長期記憶形成にはタンパク質合成が必要であることが知られていたものの、両者をつなぐ分子メカニズムはこれまで明確に示されていませんでした。本研究は、RNA顆粒の構成因子であるRNG105が長期記憶の形成に不可欠であることを明らかにしました。さらに、その基盤となる分子メカニズムとして、RNG105は樹状突起への特定の伝令RNAの局在化を制御し、AMPA受容体の樹状突起における表面提示制御に関与することを示しました。

 

記憶は生物の生存や精神活動の基盤となる脳機能です。
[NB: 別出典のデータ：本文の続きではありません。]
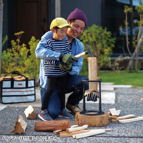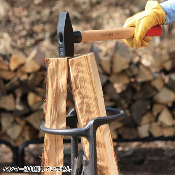 ・薪を安全リングの中に通し、片手で薪を軽く支えながら刃に食い込む程度にハンマーで軽く叩きます。手の支えをはずし、引き続きハンマーでたたき割ります。
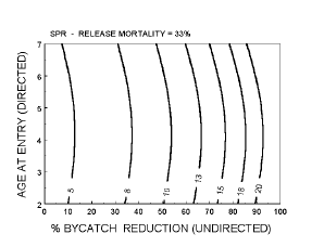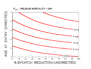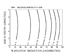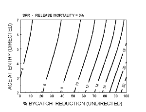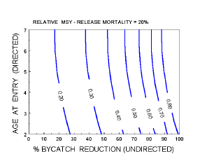 The nearly vertical relationship between percent bycatch reduction and age at entry indicate that reducing bycatch has a much greater effect on increasing SPR than increasing the age at entry into the directed fishery (Fig. 1d). For a given level of bycatch reduction, increasing age-at entry into the directed fishery decreased the SPR. At first this may seem counter intuitive. However, the relationship between bycatch reduction and age at entry (Fig. 1c) shows that increasing age at entry into the directed fishery must be accompanied by an increase in fishing mortality in order to maintain the yield at MSY. This increase in fishing mortality then results in the decrease in SPR as is shown in Fig. 1d. Although the SPR decreases with increasing age at entry to the directed fishery, an increase in yield is also realised. This is shown in Figs. 1a and 1b as the relative MSY increases with increased age at entry into the directed fishery for a given level of bycatch reduction.
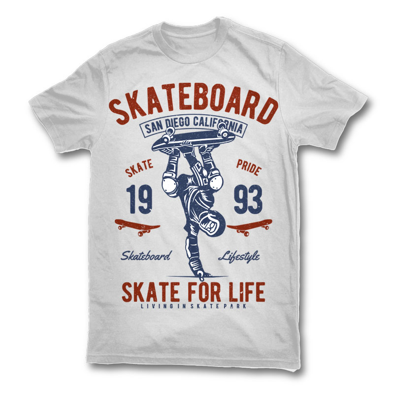 Skate For Life Tshirt Design Template based on vector files , such as AI and CDR also with PSD separated Layers file, the design has 2 color print, it can be used for digital printing and screen printing.
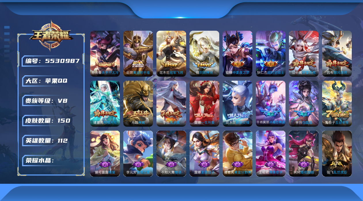 [5530987]30975.1典藏 9传说 金标司空震 金标露娜 实名: 可修改 贵族等级: V8 英雄数: 112 皮肤数: 150 荣耀水晶: 杀手不太冷 传说皮: 黄金射手座,冠军飞将,炽阳神光,仲夏夜之梦,超时空战士-狄仁杰 限定皮: 祈雪灵祝,御风骁将,时雨天司,白晶晶,神威,冰霜恋舞曲,凤求凰,一生所爱,默契交锋-花木兰,五谷丰年
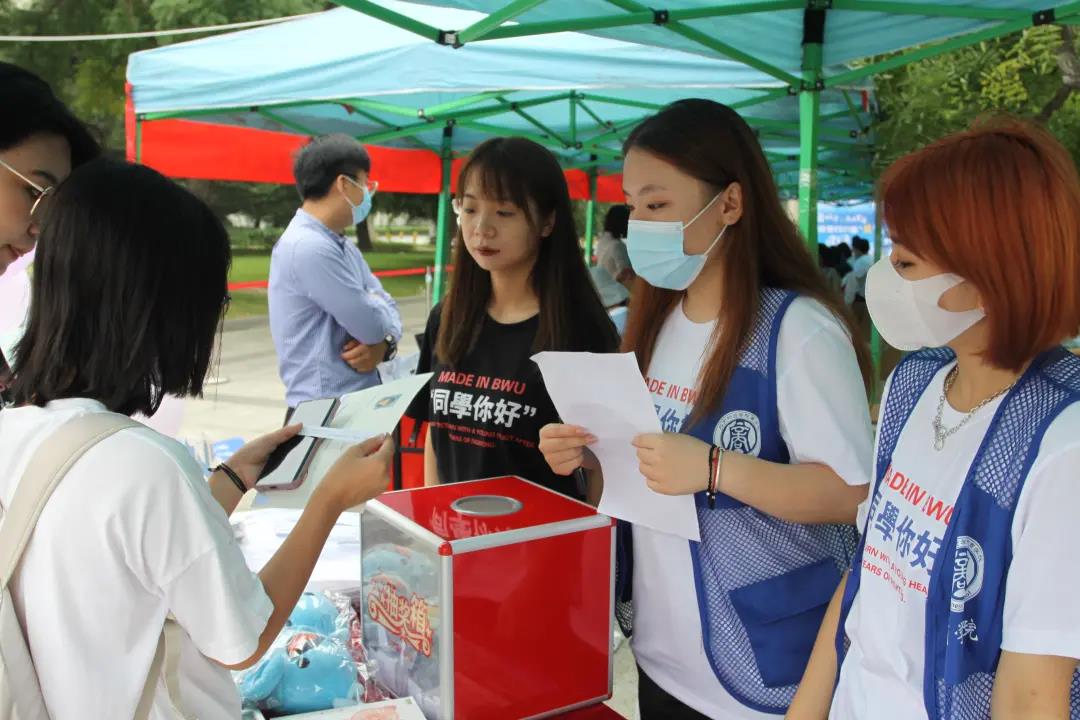 宿舍楼下的耐心等待,篮球场楼梯口的上下搬运,校门口和宿舍的来回往返,志愿者们始终带着亲切的微笑,认真负责地为新生引路。为了缓解搬运行李带来的疲惫,我们还特意准备了党史问答活动,为新生送上一份入校小礼品。
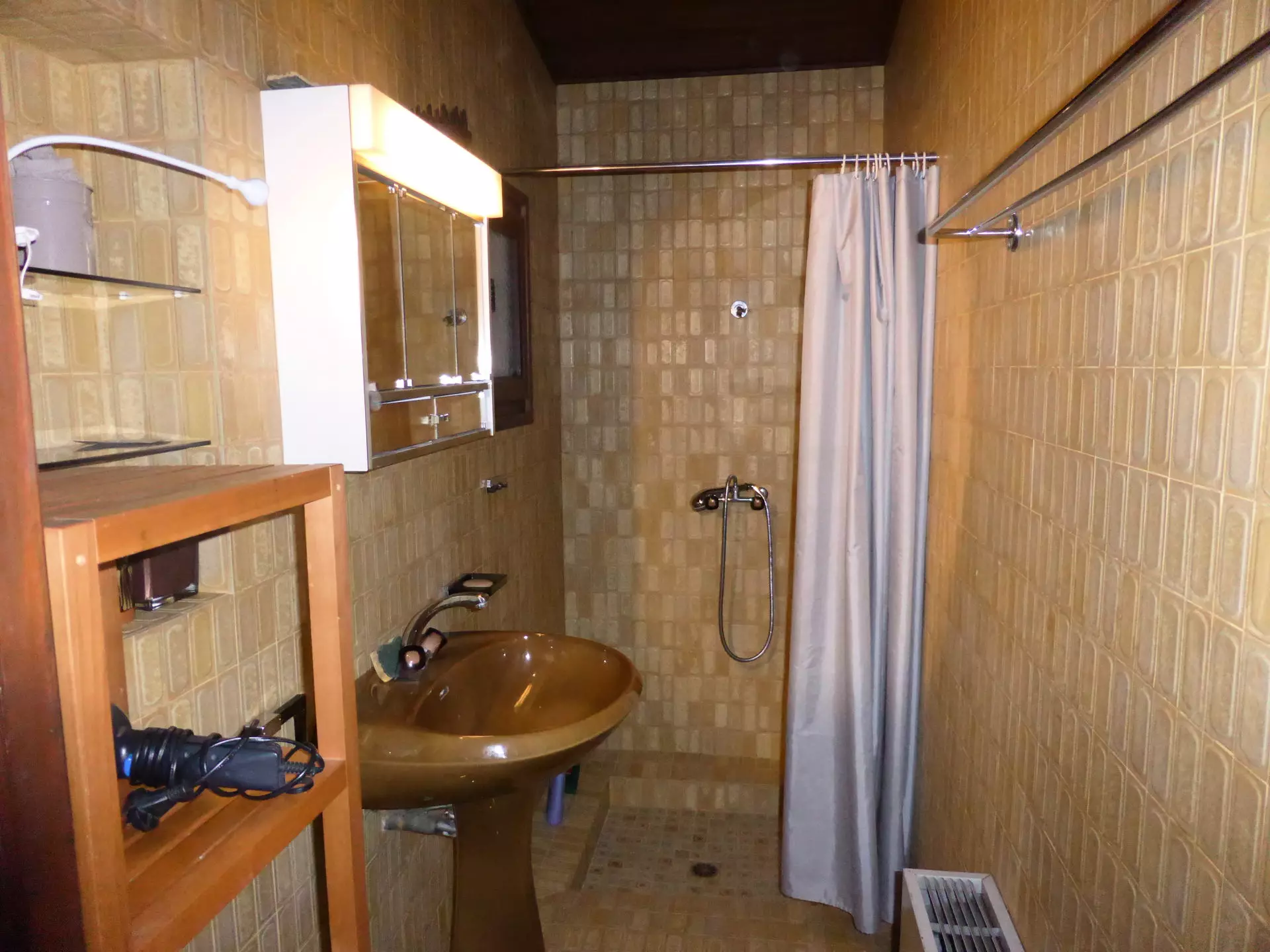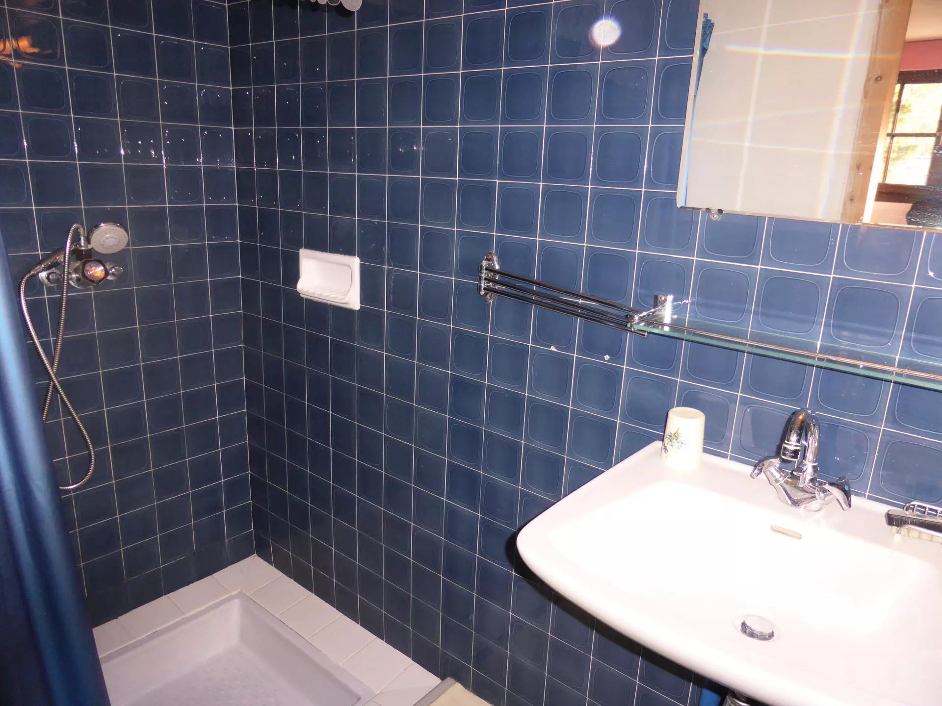 - Une salle de douche avec douche et lavabo.
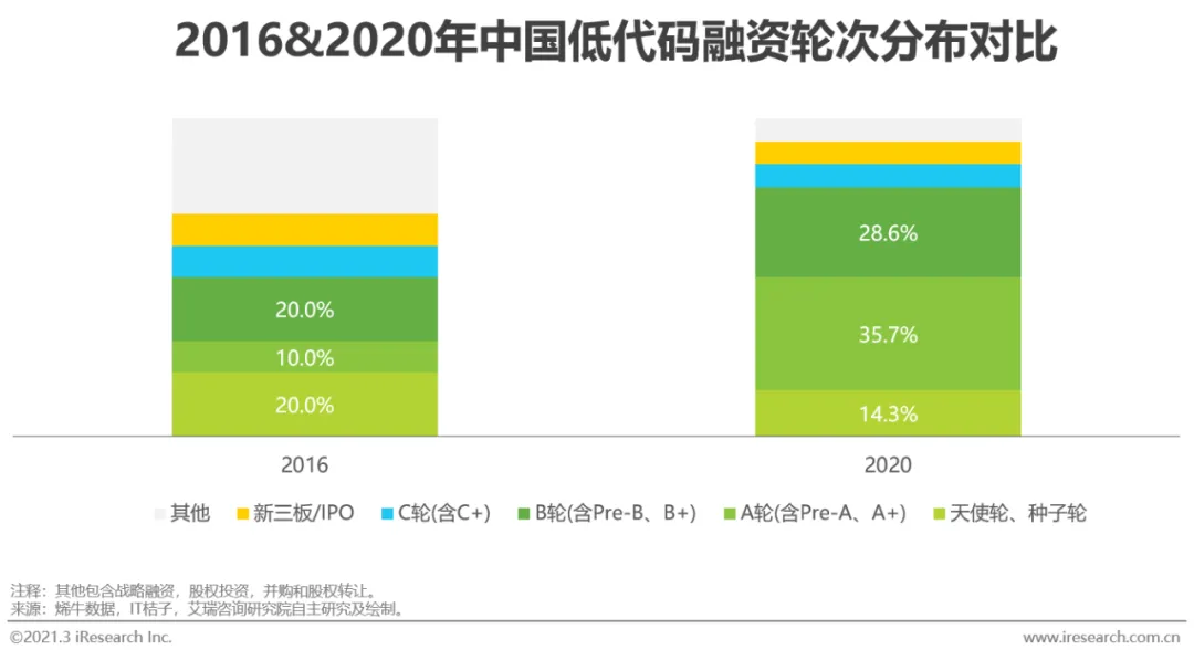 2016年开始低代码概念开始从国内逐渐兴起,当年低代码相关产品投融资事件达10起,至2020年中国低代码市场共有59起投融资事件,其中亿元以上融资有13起。2016年开始低代码投融资笔数整体呈上升趋势,亿元以上融资维持在每年2-3笔。从融资轮次上看,2020年C轮以前融资占比78.6%,相比2016年上升了28.6个百分点,说明低代码市场整体处于发展初期,初创企业多,增长速度快。投融资结构上看,初创企业的投融资热度提升,成为企业投资重点。随着企业对系统敏捷性、易用性需求的增加和对业务部门低代码接受度的提升,市场会迎来新的发展契机,短期内投融资热度将持续增长。
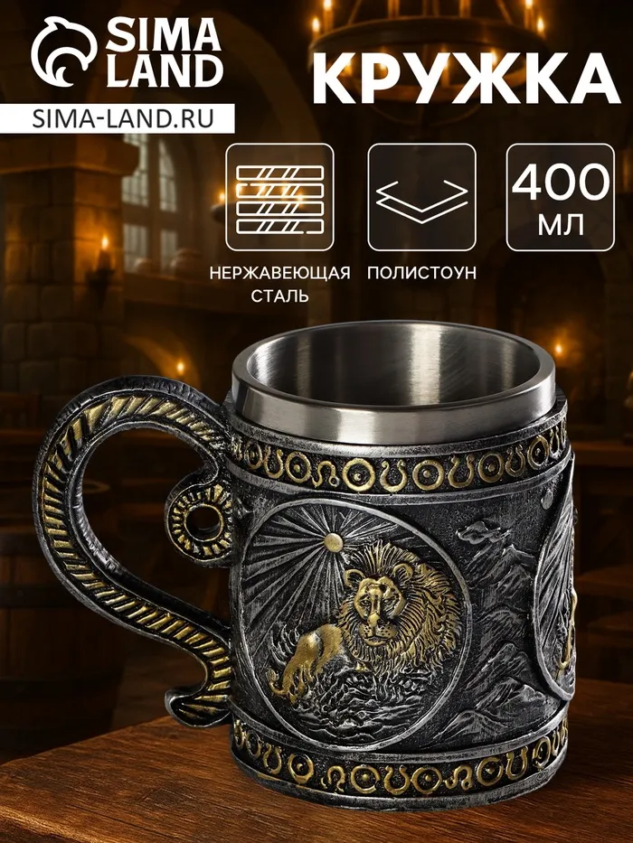 Кружка средневековая «Лев», 400 мл, нержавеющая сталь, серебристая — Характеристики
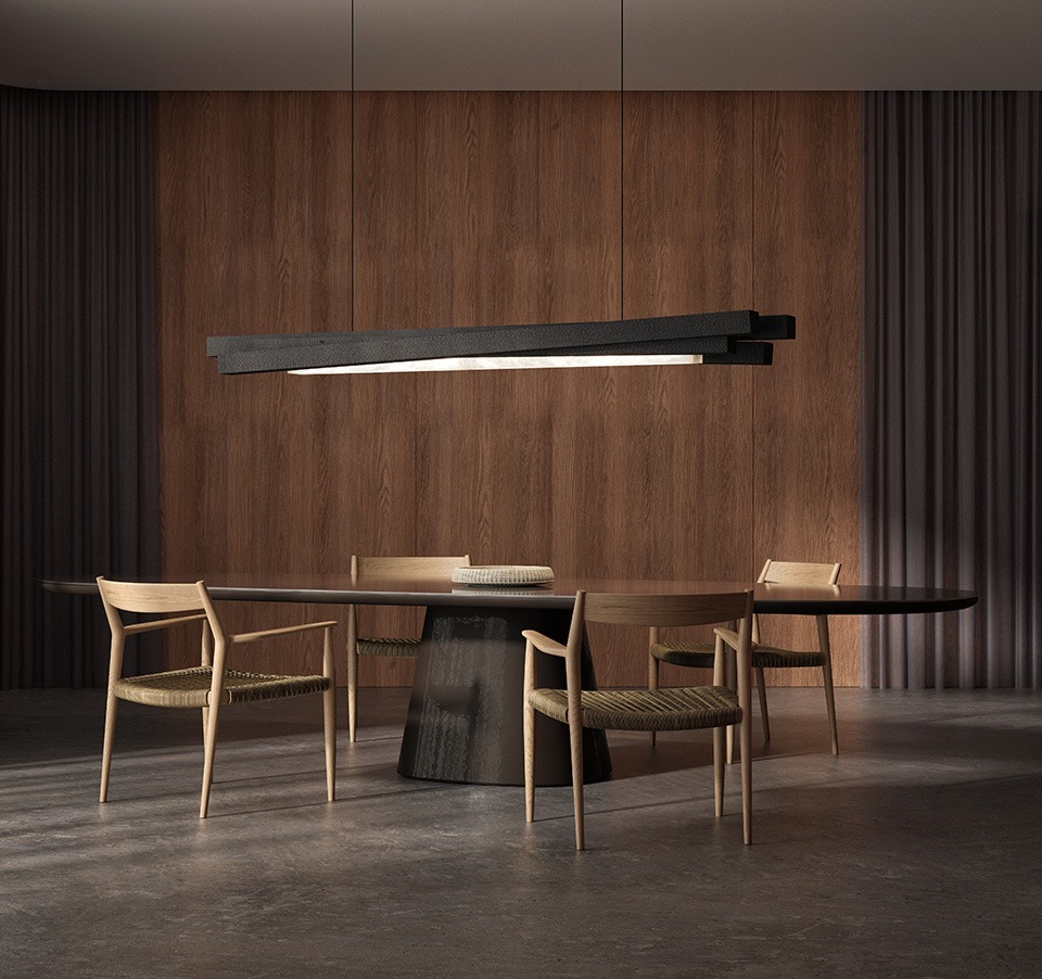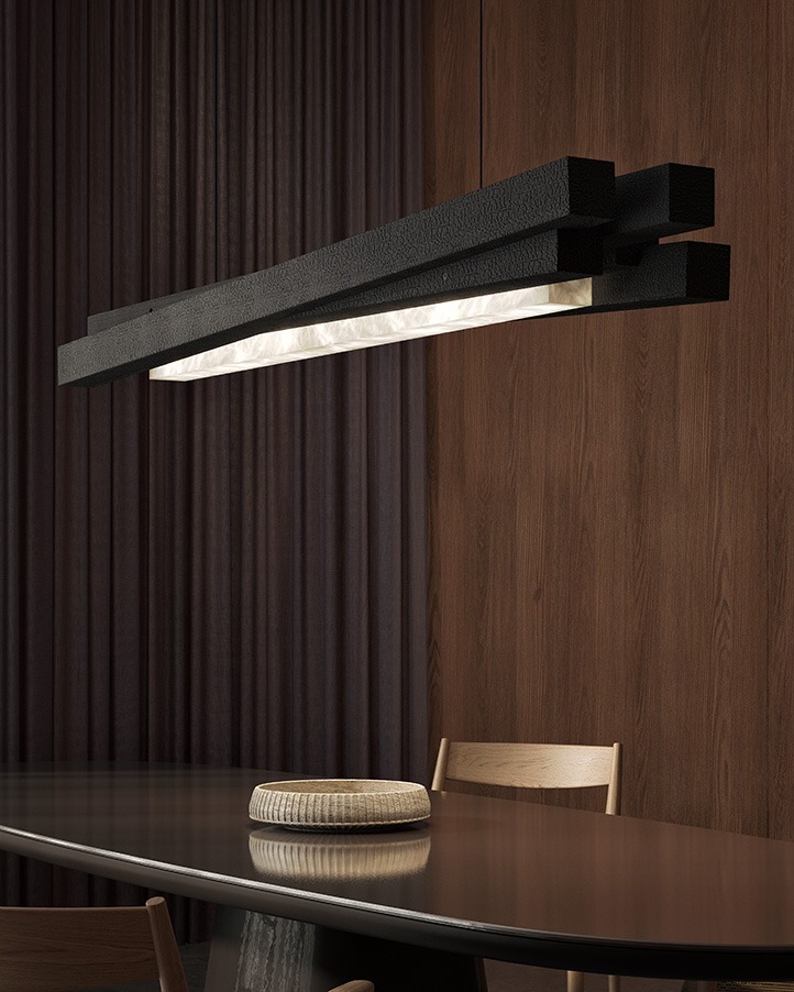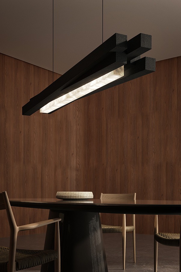 Величественная и инновационная подвеска TERRA воплощает в себе элегантность, неподвластную времени. Это настоящее произведение искусства, в котором алебастр сочетается с элементами из обожженного дерева, создавая иллюзию левитации.

記憶の障害は様々な精神神経疾患とも関連しています。また、RNA顆粒の構成因子には、筋委縮性側索硬化症(ALS)等の神経変性疾患の他、精神遅滞症、自閉症スペクトラム(ASD)などの原因因子が数多く含まれています。RNG105の変異も、ASD様の行動を引き起こす原因の一つです。したがって、RNG105およびRNG105が樹状突起へ輸送する伝令RNA群は臨床的なマーカーや創薬のターゲットとなりうる可能性を有しており、本研究の成果は、記憶形成の分子メカニズムのさらなる解明に加え、臨床・創薬分野において役立つことが期待されます。

 

【用語説明】

*1AMPA受容体:興奮性神経伝達物質であるグルタミン酸の受容体の一種。中枢神経系のシナプス興奮伝達は主にこの受容体が担い、学習・記憶に必須の役割を果たしている。